Paper 1 addresses a fundamental and broadly relevant problem in LLM evaluation—revealing that aggregate benchmark scores can mask critical failures in compositional reasoning. The 'composition collapse' phenomenon and the double-gate protocol offer novel diagnostic tools applicable across the entire post-training evaluation landscape. Paper 2 tackles a more niche problem (multi-stakeholder alignment) with a useful but narrower contribution. Paper 1's findings have broader implications for how the field evaluates and develops LLMs, likely influencing evaluation practices, benchmark design, and post-training methodology more widely.

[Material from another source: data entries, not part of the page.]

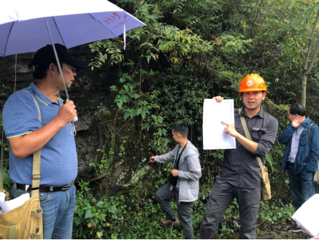 袁晏明给带班教师讲解关于莲沱组与岩体界限点的教学要点(8月22日)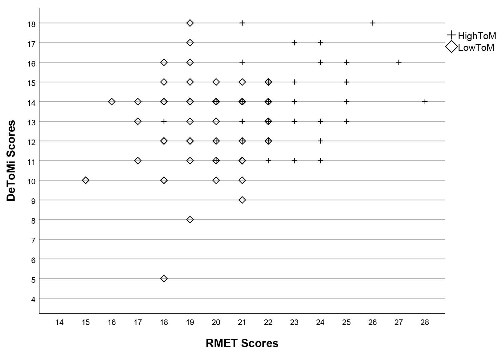 Fig. 1. Scatter plot illustrating Theory of Mind Scores in the high and low Theory of Mind groups. DeToMi, Dokuz Eylul Theory of Mind Index; RMET, Reading the Mind in the Eyes Test.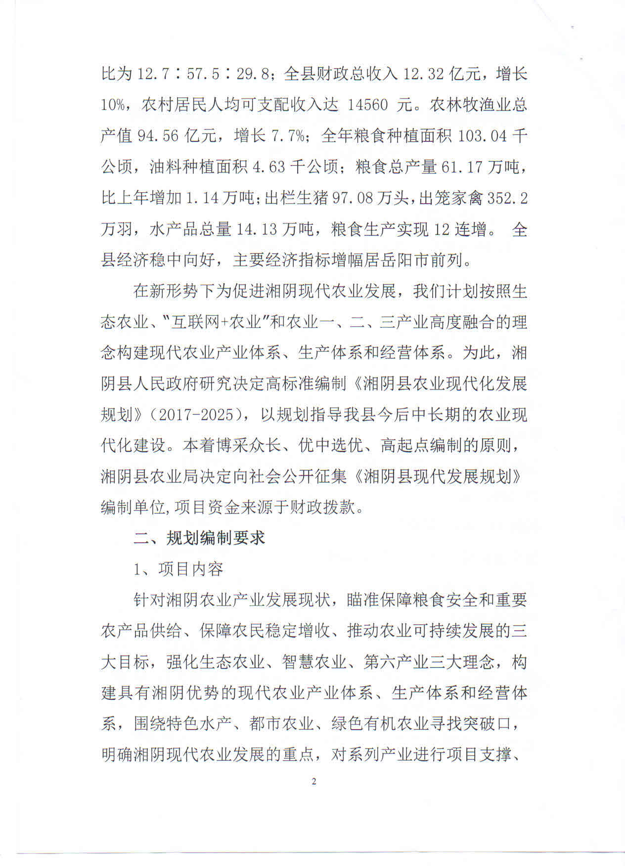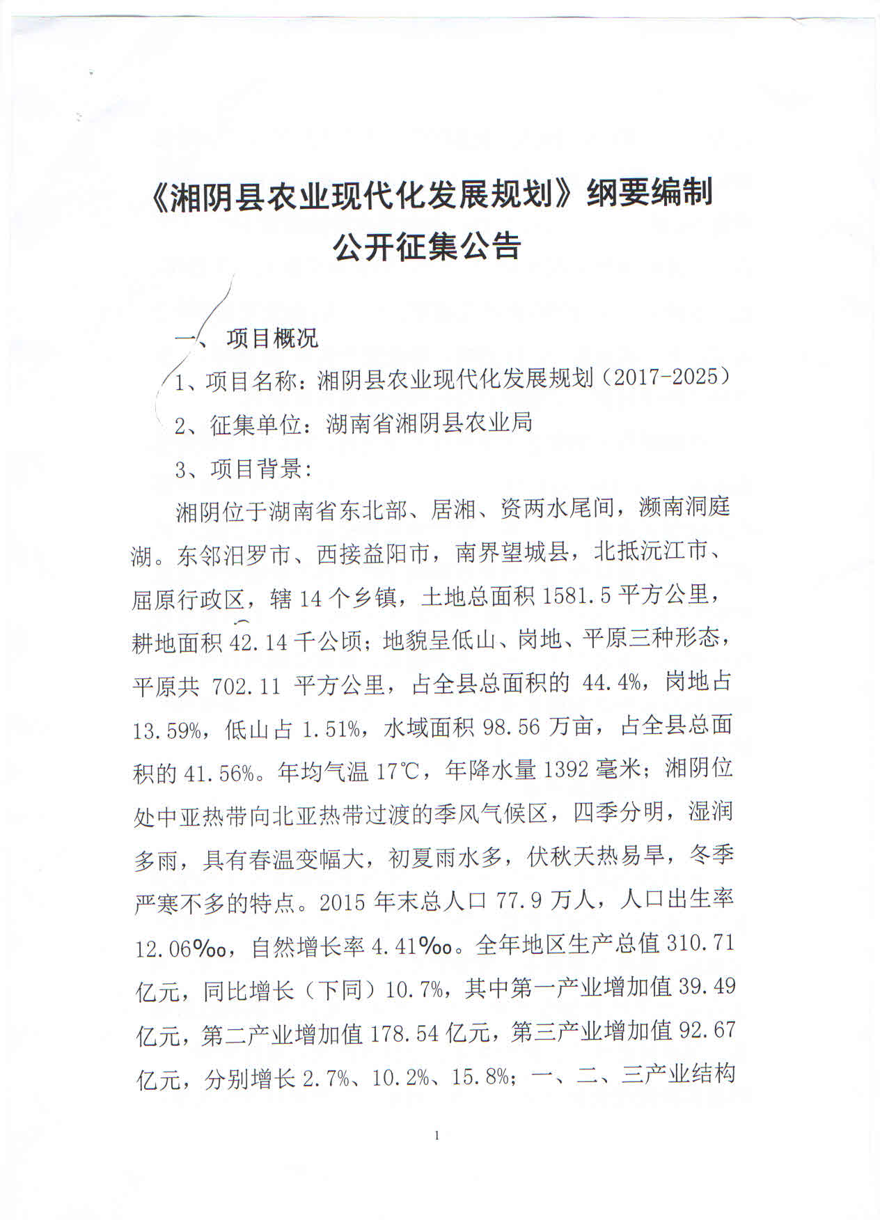 《湘阴县农业现代化发展规划》纲要编制公开征集公告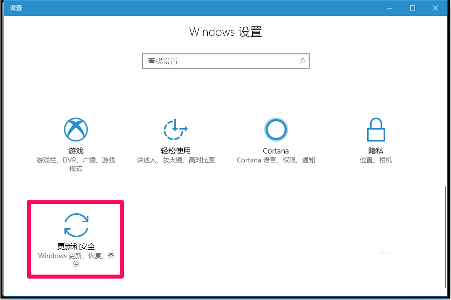 2、在Windows设置窗口中,点击:更新和安全;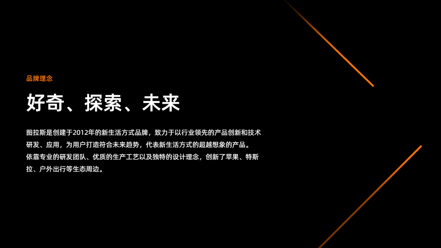 图拉斯是创建于2012年的新生活方式品牌,致力于以行业领先的产品创新和技术研发、应用,为用户打造符合未来趋势,代表新生活方式的超越想象的产品。依靠专业的研发团队、优质的生产工艺以及独特的设计理念,创新了苹果、特斯拉、户外出行等生态周边。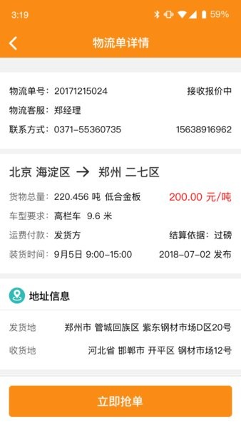 “中钢网物流宝”是中钢网旗下为满足用户钢材交易后续需求,以“互联网+物流”运输模式,全程一站式解决您物流运输的价格、安全、便捷问题。车主通过平台认证审核可以根据您的运营路线免费查看货运单信息进行报价接单。 在程序运行过程中需要开启您的定位权限获取位置信息方便您的装卸货操作,在此过程中会加大手机电量消耗,减短电池寿命敬请谅解。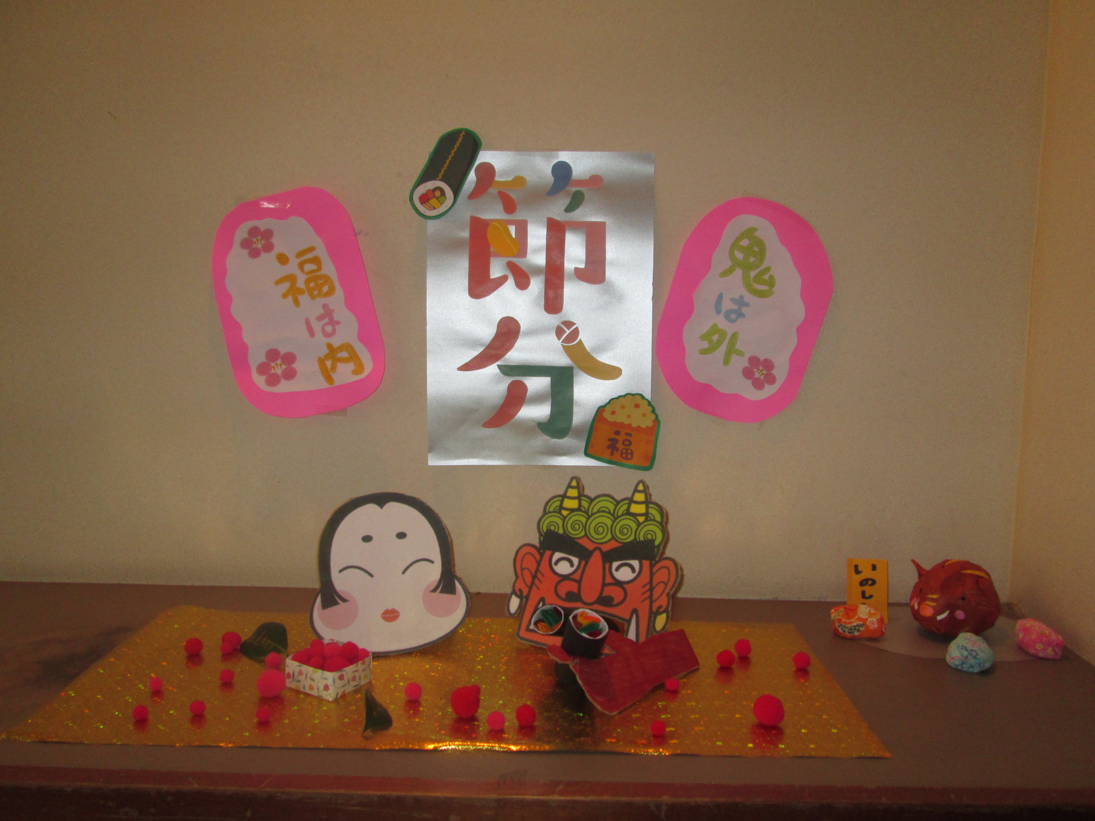 早いものであっという間に1月が過ぎ、寒さ厳しい2月になりました。 インフルエンザが流行っていますが、うがい手洗いを忘れずにしてますか? 2月3日は節分、今年は東北東が恵方でした。 豆まきをすると「鬼払い」「厄払い」となり幸福を呼び込めるそうです。 通所リハビリテーションさざんか にやって来た鬼を利用者様が退治してくれました。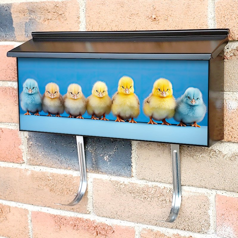Applying your Row Of Easter Chicks townhouse / ranch mailbox cover it’s pretty easy to convert your mailbox to a special and unique item. These covers require a flat surface, so they work with townhouse / ranch mailboxes that do not have any embossed decoration or signs. Magnetic mailbox covers work with steel boxes, for aluminum and plastic boxes we offer the self-adhesive vinyl covers. In case your mailbox doesn’t work with these covers, you can purchase the preinstalled cover on a brand new mailbox as well. Also, you can create your custom townhouse / ranch mailbox cover using you own pictures, adding your name, street number, etc.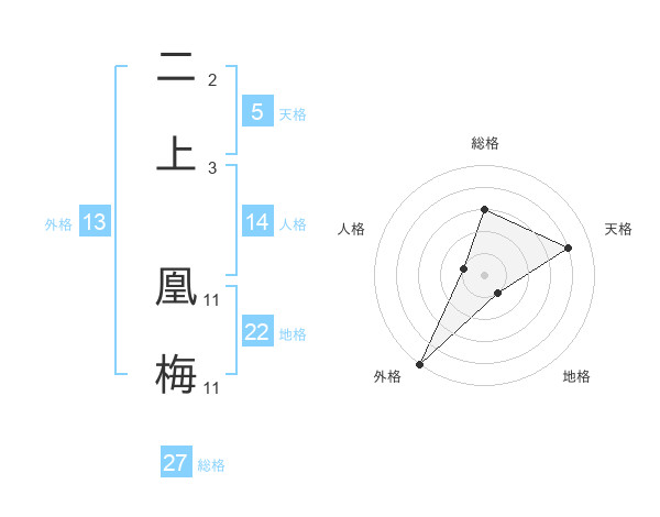 二上 凰梅さんの外格は13画の5点!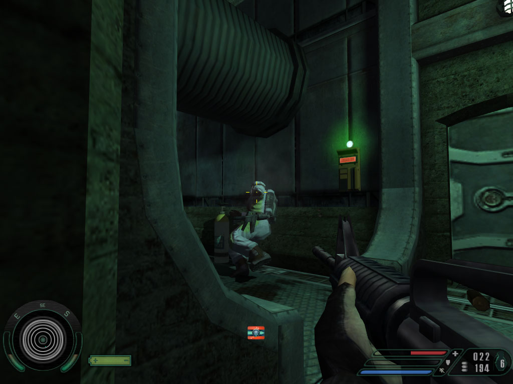簡単な攻略法は,まずエアダクトの部屋に入ったら,すぐに元来た通路を戻る。そこでしゃがみもしくは伏せ状態で待ち伏せて,次々と押し寄せる兵士を倒していくという方法。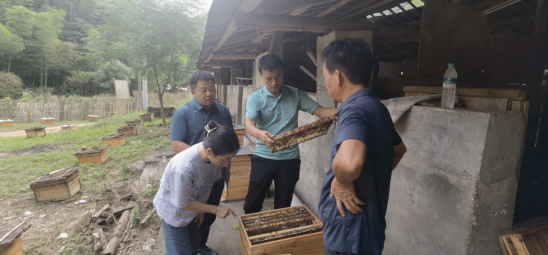 7月12-13日,国家蜂产业技术体系南昌综合试验站科技人员前往武宁县两个中蜂示范蜂场调研多箱体成熟蜜生产。
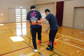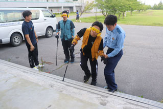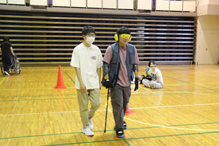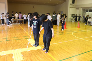 サポートされる側、する側になり相手の立場になって考え、サポートをする方法を学んでいただきました。体験を終えた生徒からは「視覚障がい者体験では、真っ暗で周りが見えず不安だったが、サポートをしてくれる人の声で安心でき、声掛けは大事なんだと実感しました。サポートが必要な人が周りにいた際は、優しく声掛けをしたいと思います」とお話があり、今回の体験を通して気付いたことを今後、活かしていただけたらと思います。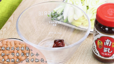 碗里放入兩磚東古風(fēng)味南乳、加入一勺南乳醬和小半碗熱水,把南乳攪拌融化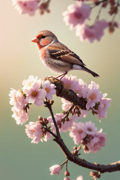 a tiny finch on a branch with spring flowers on background:1.0, aesthetically inspired by Evelyn De Morgan, art by Bill Sienkiewicz and Dr. Seuss, ray tracing, volumetric lighting, octane render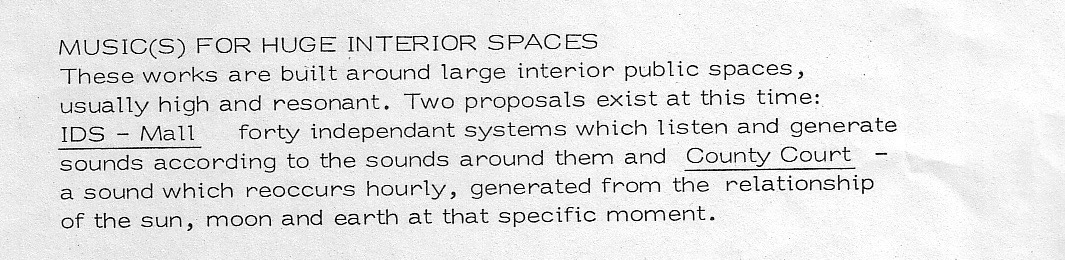 MNE-TEXT, Music(s) For Huge Interior Space By Max Neuhaus, 1974

vs. A Dataset of Robot-Patient and Doctor-Patient Medical Dialogues for Spoken Language Processing Tasks

claude-opus-4.65/27/2026

Paper 2 introduces a novel conceptual framework ('composition collapse') and a rigorous diagnostic protocol that fundamentally challenges how the field evaluates LLM reasoning capabilities. It reveals that aggregate benchmarks can be deeply misleading about multi-hop reasoning, with implications for how all post-training methods are evaluated. This methodological contribution has broad impact across AI evaluation, reasoning research, and model development. Paper 1 contributes a useful but relatively niche medical speech dataset with straightforward LLM benchmarking, offering more incremental impact within a specific application domain.

vs. MedGuideX: Internalizing Decision Logic from Executable Guidelines into Large Language Models for Clinical Reasoning

gpt-5.25/27/2026

Paper 2 introduces a broadly applicable conceptual and methodological contribution: it identifies “composition collapse,” shows aggregate multi-hop scores can be misleading, and proposes a double-gate evaluation protocol that decomposes gains into atomic stability, residual composition, and critical depth. This reframes how post-training and reasoning improvements should be measured across many LLM domains, with immediate relevance to current evaluation practices. Paper 1 is impactful for clinical NLP and guideline-based supervision, but its scope is narrower and more application-specific, whereas Paper 2’s insights and metrics can influence evaluation and training claims across fields.